Better to visually understand the characteristics of the time series before trying to forecast. As an aid to facilitate this understanding, consider the decomposition of the time series into the seasonal and trend components with the lessR function STL(), which relies upon the base R function stl() but provides more information and allows more flexible input.

STL(Month, Price)

## 
## Total variance of Price: 2728.807
## Proportion of variance for components:
##   seasonality --- 0.006 
##   trend --------- 0.936 
##   remainder ----- 0.026 
## 
## Range of Price: 157.8754
## Range of components:
##   seasonality --- 11.568 
##   trend --------- 136.006 
##   remainder ----- 48.350

Annotation

The annotations in the following visualization consist of the text field “iPhone” with an arrowhead that points to the time that the first iPhone became available. With lessR, list each component of the annotation as a vector for add. Any value listed that is not a keyword such as “rect” or “arrow” is interpreted as a text field. Then, in order of their occurrence in the vector for add, list the needed coordinates for the objects. To place the text field “iPhone” requires one coordinate, <x1,y1>. To place an “arrow” requires two coordinates, <x1,y1> and <x2,y2>. For example, the second element of the y1 vector is the y1 value for the “arrow”. The text field does not require a second coordinate, so specify x2 and y2 as single elements instead of vectors.
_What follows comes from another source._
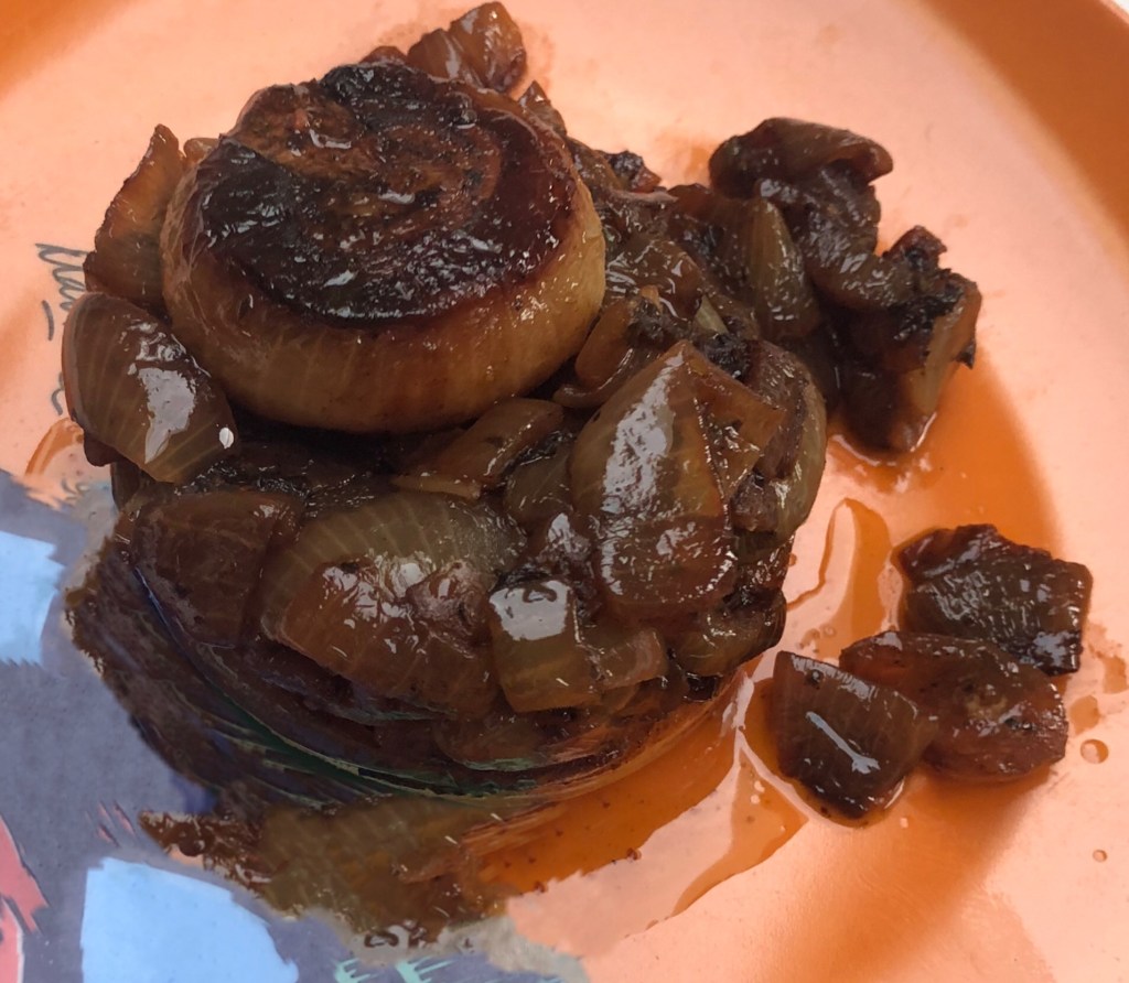 I could have made life simple by, doing smoked salmon, with its trimmings but decided to be more adventurous and make individual Shallot Tatin. Actually very easy, just a lot of shallots and lots of paper tissues or perhaps, onion defying glasses might have been better.

x <- as.Date("2007-06-01")
Plot(Month, Price, filter=(Company == "Apple"), area_fill="on",
            add=c("iPhone", "arrow"), 
            x1=c(x,x), y1=c(100,90), x2=x, y2=30)

Full Manual

Use the base R help() function to view the full manual for Plot(). Simply enter a question mark followed by the name of the function.

?Plot

More

More on Scatterplots, Time Series plots, and other visualizations from lessR and other packages such as ggplot2 at:

Gerbing, D., R Visualizations: Derive Meaning from Data, CRC Press, May, 2020, ISBN 978-1138599635.